Маленькое опытное производство стали разрасталось.
Император не подвел и выделил по осени только под это дело аж пятьсот тысяч рублей векселями. Теми самыми, которые сам граф ему и присоветовал выпускать. Использовать их, конечно, получалось с немалым трудом. Все ж таки вещь новая. Однако все пошло на лад, когда в начале 1848 года ими удалось заплатить налоги с обещанной скидкой в десять процентов.
Вот тут-то спрос на них и нарисовался.
И не только у всякого рода делового люда в Казани и ее окрестностях. Нет. Много шире. Особенно оживились купцы, увидевшие в этом инструмент оптимизации расходов.
А вместе с тем появилось и желание сотрудничать.
За векселя.
Тут-то дело с мертвой точки и сдвинулось. Да, сам Толстой в это время находился в столице. Однако заранее достигнутые договоренности начали претворяться в жизнь…
— Я не вижу результатов за последние три дня. — произнес граф, завершив изучать журнал.
— Из университета еще не прислали ответа, Лев Николаевич. — ответил Мирон Ефимович Черепанов[1]. Сын Ефима Алексеевича, с которым они представляли знаменитую пару Черепановых.
Родитель его умер.
А он сам… в свои сорок пять лет вид имел самый неважный. Но что хуже того, совершенную подавленность моральную. Из-за того, что Демидовы, которые владели Тагильскими заводами, попали под влияние некого месье Кожуховского, дела там пошли довольно скверно. И, в первую очередь стали всячески ущемлять местных специалистов, даже тех, которые зарекомендовали себя отлично. Этот Кожуховский убедил Демидовых в том, что нужно по возможности отказаться от местных специалистов и все построить на приглашенных иностранцах. И дела ставить «как у них». А учитывая то, что к 1840-м годам Демидовы частью пресеклись, частью почти безвылазно жили в Европе, это предложение им «зашло» замечательно.
Вот Мирон Ефимович и пребывал в печали… а точнее, в депрессии. Проект его парохода завернули, хотя никаких в том оснований не имелось. Паровоз, который ходил по чугунной дороге от Меднорудянского рудника до Выйского завода заменили лошадьми. Да и вообще — принижали его и ущемляли как могли, припоминая ему в том числе и происхождение.
Лев же подсуетился.
И сначала выдернул Мирона, которого охотно отпустили, разве что, не сопроводив пинком под зад. А потом и другого бывшего крепостного — Фотия Ильича Шевцова[2], который заводами и управлял. Точнее, от управления его отстранили еще в 1847 году, вынудив написать о том прошение.
И теперь эти двое были тут.
— К вечеру обещались, — добавил Фотий Ильич.
— Хм… ясно.
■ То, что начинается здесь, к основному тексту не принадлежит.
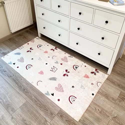 Ce tapis pour enfants aux motifs papillons dispose d’un support antidérapant. Son design coloré ne manquera pas de plaire à votre enfant ! Le design présente de nombreux motifs et couleurs différents, ce qui en fait un ajout attrayant à toute pièce.
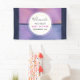 Banner fiesta con un fondo moderno y elegante. Los colores rosa y violeta giran alrededor creando un elegante efecto gradiente. Un círculo blanco se cubrió por encima con el texto dentro.
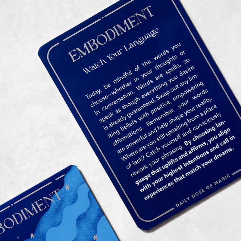 This is how magic is made. Experience the power of manifestation with the Daily Dose of Magic Card Deck. Let the cards guide you in setting intentions, embodying gratitude, reflecting on your journey, and gaining wisdom—the perfect tool to help you bring your dreams to life. This deck is designed to offer inspiration across five key areas: Intention, Embodiment, Gratitude, Reflection, and Wisdom, guiding you as you manifest your dream life into reality. The Daily Dose of Magic Card Deck was created by Victoria Jackson (The Manifestation Collective) and illustrated by KJ Parish.
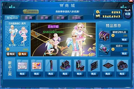 點擊游戲下方的商城圖標,不僅可以購買道具、家具、時裝等,還顯示當前最hot最in的商城活 動及限量限時商品展示。

А как полагаете, имеет смысл пытаться это все регулировать? — потряс журналом плавок Лев.
— Не думаю, Лев Николаевич. — покачал головой Шевцов.
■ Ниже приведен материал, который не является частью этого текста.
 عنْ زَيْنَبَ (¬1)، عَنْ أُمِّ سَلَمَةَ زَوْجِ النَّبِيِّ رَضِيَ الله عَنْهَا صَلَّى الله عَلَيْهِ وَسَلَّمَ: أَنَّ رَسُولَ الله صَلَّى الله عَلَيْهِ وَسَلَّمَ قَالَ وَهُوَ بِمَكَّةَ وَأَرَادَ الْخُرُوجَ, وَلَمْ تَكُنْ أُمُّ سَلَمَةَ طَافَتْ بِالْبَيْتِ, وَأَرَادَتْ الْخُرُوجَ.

— Горит углерод неравномерно, — продолжил Черепанов. — Из-за чего получается только одно предсказуемое положение — по его завершении.
— Как вы видите, — добавил Шевцов, — наши замеры показали разброс свойств металла, на одной и той же минуте продува. Какие-то опыты, я полагаю, имеет смысл проводить. Но выпуск весь вести от полного выдувания.
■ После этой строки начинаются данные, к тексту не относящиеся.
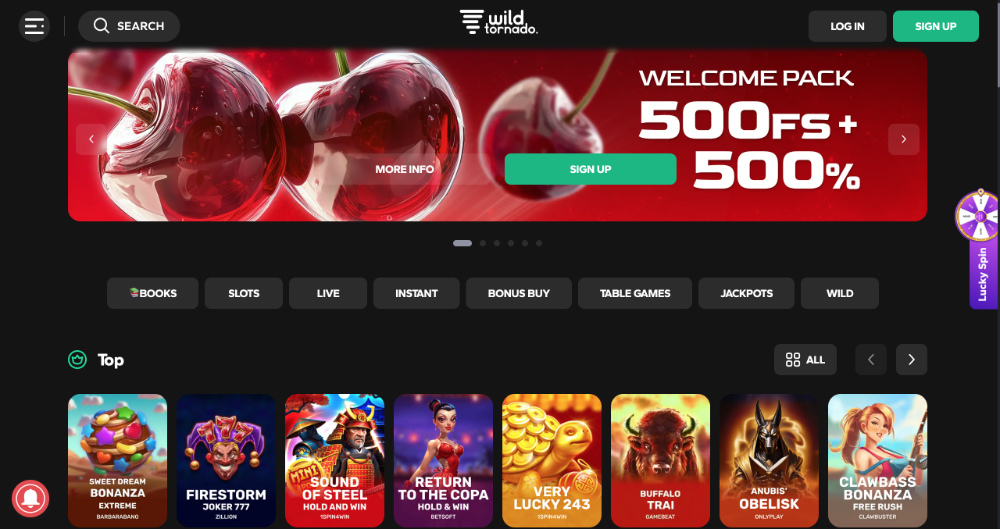 Zábava je v casinu WildTornado vzrušující a dynamická od samého začátku. Pro nové hráče je k dispozici štědrý uvítací bonus ve výši 500 % + 500 free spinů. Podmínkou je minimální vklad 20 EUR či ekvivalent v jiné měně a 40× protočení. Podmínky protočení musí být splněny do 3 dnů od aktivace bonusu. Vstupní bonus je rozdělen do 6 vkladů, a to následovně:
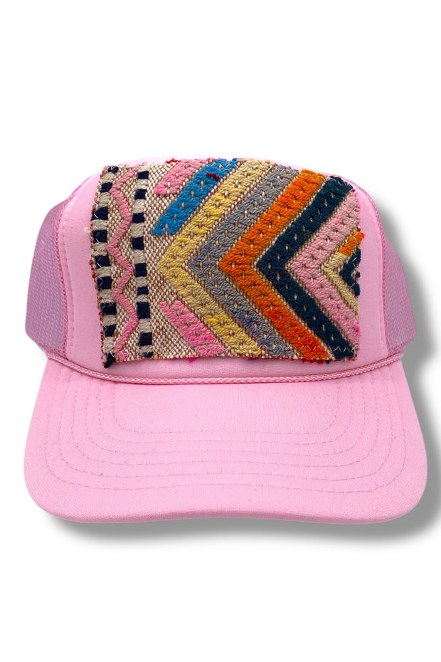 Your easy, throw-on-and-go, trucker with Turkish kilim patch. No two are alike! One size hat with structured bill and mesh back with adjustable snaps. Each piece has been stitched to ensure quality and discourage fraying (Frayering adds character your collectable) while maintaining the integrity of the fabric. However, due to the nature of the textiles, some fraying may occur. Additionally, color variations & imperfections should be expected as the norm. Wear with care!

— Так мы хотя бы будем представлять содержание углерода, — поддакнул Черепанов.
— А примеси?
— Слава Богу, чугун добрый поступает. — вполне благодушно ответил Фотий Ильич. — Замеры в Казанском университете показывают очень добрую сталь. Опыты надо бы продолжить, но пока в том нет никакого особого смысла. Мы тут и так делаем металл изумительный.
— Меня тревожат рельсы. — задумчиво произнес Лев.
— А что рельсы? — напрягся Мирон Ефимович. — Прокатный стан уже почти готов.
— Тут я в вас не сомневаюсь, — улыбнулся Лев.
Уж что-что, а прокатные станы Мирон уже лет пятнадцать, как научился строить. И под лист, и под профиль, и на воде, и на паровом приводе.
— Так в чем же дело?
— Мягкие они очень. Головку нашего рельса не закалить — сталь сильно выжжена. Отчего все станет стираться слишком быстро. И, как следствие, рельсы придется чаще менять.
— А может накладки делать? — почесав затылок, спросил Мирон. — Хотя нет… слишком сложно.
— Оснастку надо сделать, чтобы головки рельсов насыщать углеродом. Как при цементации. — заметил Шевцов. — В печь какую загружать партию рельсов так, чтобы головка в угольной пыли без доступа воздуха томилась. Потом доставать, подогревать до подходящей температуры, и сразу закалять.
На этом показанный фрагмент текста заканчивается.